During his time in Milan, Fontana wrote two plays in Milanese dialect, La Pina Madamin and La Statôa del sciôr Incioda. Both had considerable success and starred Edoardo Ferravilla, considered one of the greatest comic actors in Milanese theatre. He wrote numerous libretti, including two for Alberto Franchetti (Asrael and Zoroastro) and two for Puccini (Le Villi and Edgar). He wrote the libretto for Edgar in Caprino Bergamasco, where fellow librettist Antonio Ghislanzoni ran a hotel for artists.

He also translated several operetta libretti for performance in Italy, including Franz Lehár's Die lustige Witwe (The Merry Widow) and Der Graf von Luxemburg (The Count of Luxembourg), Oskar Nedbal's Polenblut (Polish Blood), and Edmund Eysler's Der Frauenfresser (The Woman-Eater). Early in his career, Fontana's output was prodigious: an 1886 article in La Stampa said that at the time, 13 new libretti by Fontana were being composed by 12 different composers.
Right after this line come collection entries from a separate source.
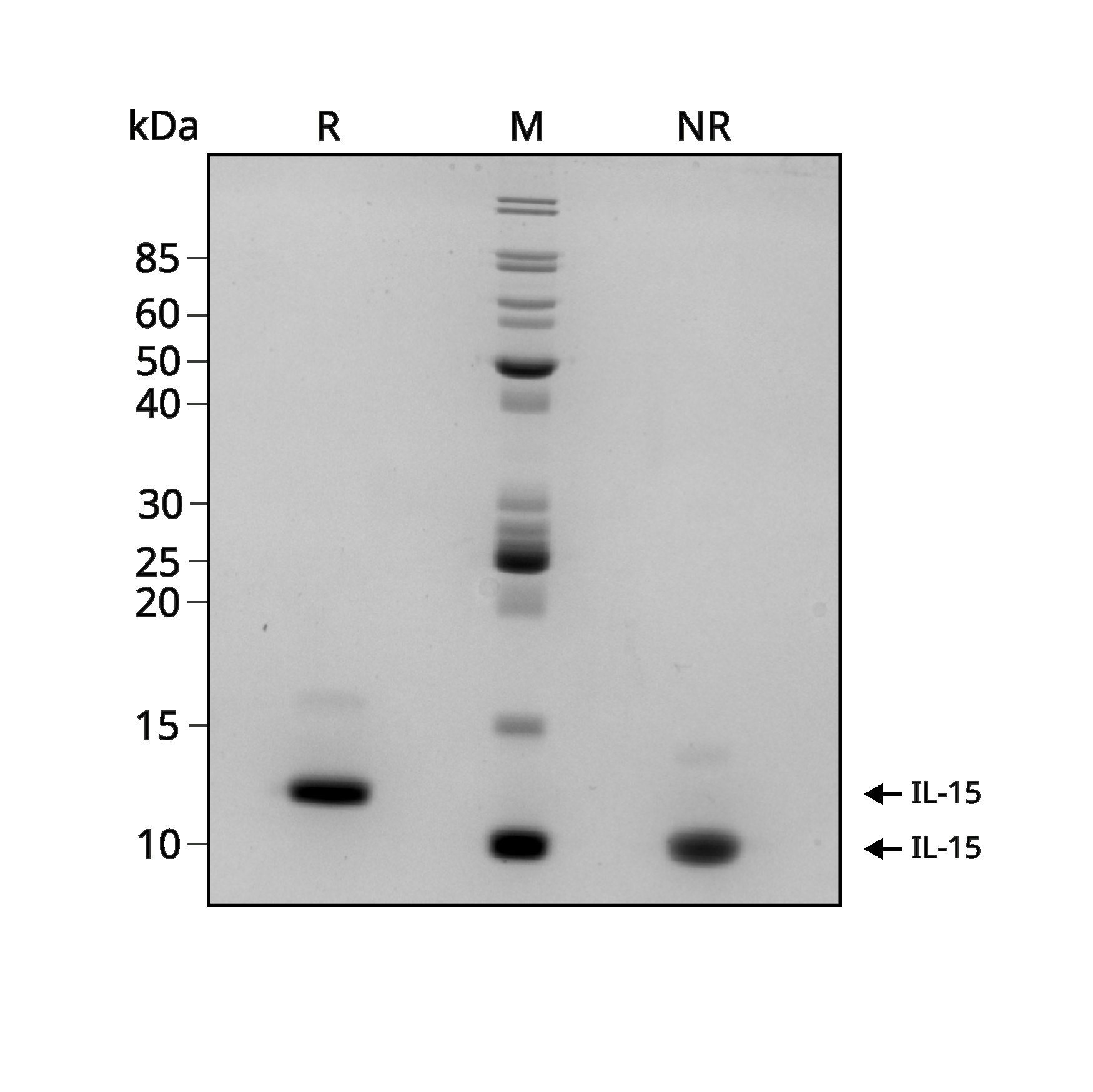 Recombinant IL-1β migrates as a major band at 17.4 kDa in non-reducing (NR) conditions. The higher molecular weight minor band is the dimeric form. Upon reduction (R), only the 17.4 kDa band is visible. No contaminating protein bands are present. Purified recombinant protein (3 µg) was resolved using 15% w/v SDS-PAGE in reduced (+β-mercaptothanol, R) and non-reduced (NR) conditions and stained with Coomassie Brilliant Blue R250. Data from Qk101 batch #204587.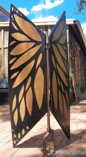 Free standing sculpture approx 5ft tall, made with mixture of found objects and mixed media with metal pigments, polymer and patina on wood panels, antique brass hinges and 1880’s ironmonger tool.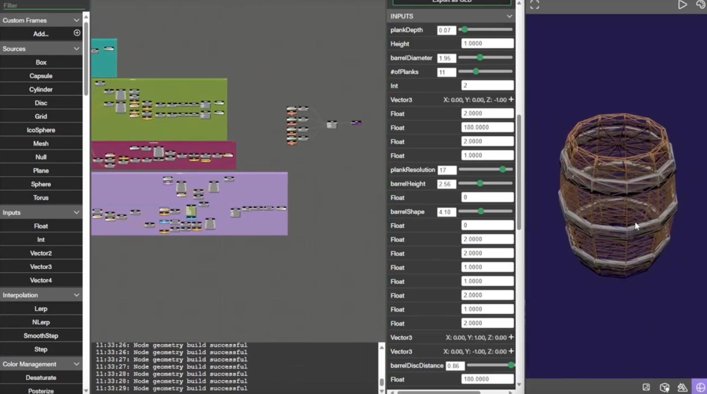 Babylon.js 7.0版本中最为引人注目的新特性之一是几何节点(Node Geometry)。通过引入非破坏性节点树系统,开发者能够更方便地创建程序化几何,极大地提升了创作的灵活性和效率。这一更新为开发者提供了更广阔的空间,使他们能够打造出更为丰富和独特的3D图形效果。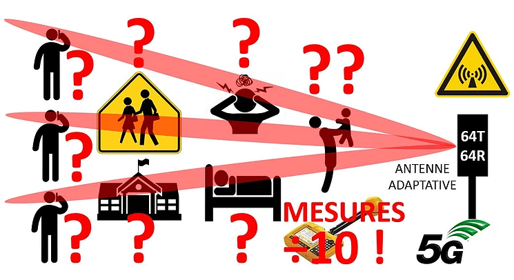 Par exemple, une antenne adaptative 5G de 10’000 W à 64 cellules, se verra gratifiée d’un facteur de division de 10, qui donnera alors une puissance calculée de 1000W seulement. Un facteur de 10 sur la puissance émise correspond à un facteur 3.16 sur l’intensité maximale du champ électrique, ce qui reviendrait à autoriser non pas 5V/m mais 5 * 3.16 = 16V/m dans les lieux d’utilisation sensibles (LUS), comme une chambre à coucher ou une salle de classe. Où est le principe de précaution ?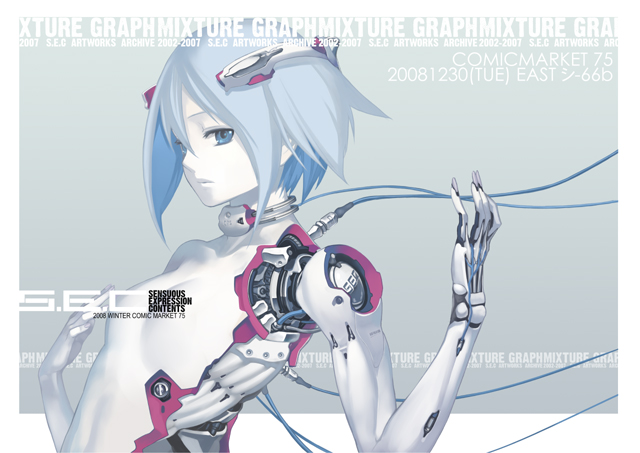 1girlandroidblue eyesblue haircablefemale focusflat chestmatching hair/eyespale skinrobotshort hairsolo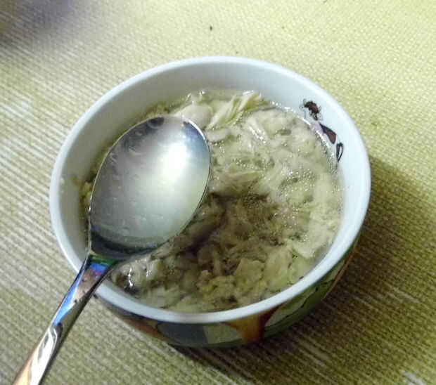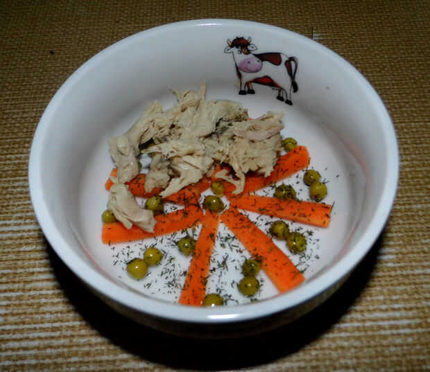 Poner el pollo encima de las zanahorias con mucho cuidado (para que no se conseguirá la forma distorsionada/en mal estado). Poner el pollo en y presione suavemente la cuchara en la parte superior. Ahora empezar a verter el caldo sobre él muy suavemente, llenar el plato hasta la parte superior. (Desechar el resto de los lingotes - o hacer una sopa :-D)

A committed and passionate socialist, he took part in the Milanese demonstrations in 1898 which led to the Bava-Beccaris massacre. Because of the repressions which followed, he fled to Switzerland where he first lived in Montagnola, a small town near Lugano. He remained in Switzerland until his death, living a modest life, and greatly reducing his literary activities.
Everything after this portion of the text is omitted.